Thanks, Jean-Philippe, for the financial update. To conclude before the Q&A session, we have a clear strategy that we are continuing to execute effectively. 2020, we'll continue to provide multiple clinical readouts and we have adequate funding to cover our plans. Based on the progress we are making with TG4001, TG6002 and our 2 technology platforms, myvac and Invir.IO, we are confident in Transgene's future. With that, we will now take your questions.

[Operator Instructions] Our first question has come through from the line of Jean-Jacques Le Fur of Bryan Garnier.

Just a quick question regarding TG4010 and Pexa-Vec to understand if you had any chances in past few weeks or months to have a deeper dive in the results to better understand what happened, especially on the TG4010. If you may -- if you were able to identify, for example, a subpopulation, which may have well responded to the drug? So if you have more idea of what happened on these 2 drug, and especially TG4010?

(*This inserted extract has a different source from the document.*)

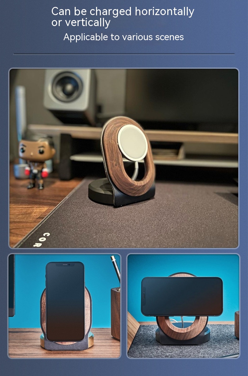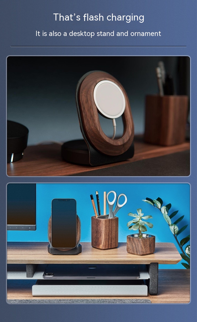 Walnut Magsafe Magnetic Wireless Charging Bracket Mobile Phone Solid Wood Base Wooden

Thanks, Jean-Jacques. It's Philippe speaking. So as we said in December, we are analyzing the data. We understand more things than we were 2 months ago. Having said that, we said that we will communicate the full data at a upcoming medical conference. I mean, nowadays, it's becoming a bit more difficult to predict which one will take -- will eventually take place. In any case, we will find a way to communicate this data and to take lessons from what we've learned. But clearly, indeed, some of the patients were not of the best possible prognostics and other behavior, which did led to the outcome. In any case, this chapter is closed, in terms of 4010 development. And what we are doing is more to educate us to help us grow the body of data and information and to apply this for the rest of the development of our vaccine portfolio.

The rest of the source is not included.